Sunday, December 5, 2010
If 4e was released with a Creative Commons License
Interesting question.
One thing for sure, if it was released with a Creative Commons Attribution Share Alike license, I'd be tearing into it and throwing out all the stupid miniature rules (DELETE, DELETE, DELETE!) I'd create some modules around the Yaun-ti, since they are the most interesting monsters in D&D that WotC claims that it has copyright over (the second being Mind Flayers, which are based on HP Lovecraft's Call of Cthulhu mythos). I'd also be addressing a few rules that I've seen of late.
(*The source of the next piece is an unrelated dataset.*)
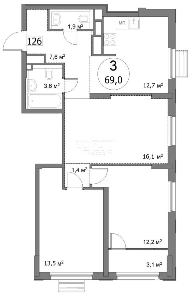 - 69 м²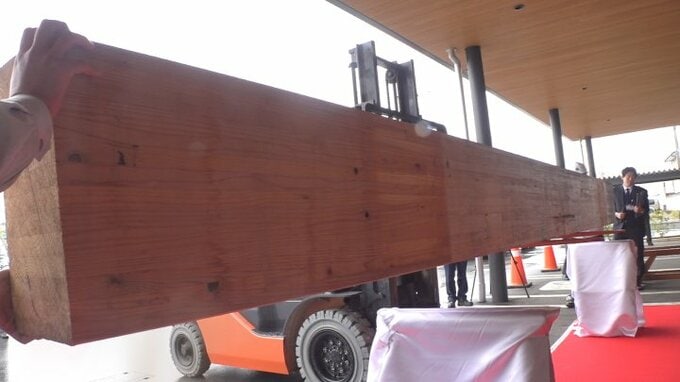 この木材は大屋根リングのはりに使われていた杉材で、縦42cm、横21cm、長さはおよそ5mあり、建設中の富士川中学校の新校舎に再利用されます。

Take Sampson of the Bible. Sampson was a judge of Israel who also happened to be Dan's local hero. He was strong enough to kill a lion, to carry away city gates, and to cause the Temple of Dagon to fall and destroy the entire Philistine Aristocracy. I'd say he had a STR of 30 (of course he sinned and had his hair cut off, so he lost his strength "it went back down to a measly 9.") For some dumb reason, the ability scores are linked to one's level.
Actually, one of my 4e players made an issue of it when I didn't think there was one. He thought I was insane. Actually I was so incredibly tired I didn't want to discuss the issue. I wanted to show he had super strength (in RM, Sampson would have a bonus to his strength not a modification to his strength score. The "supernatural" bonus would be about +10 or +15 for RMFRP).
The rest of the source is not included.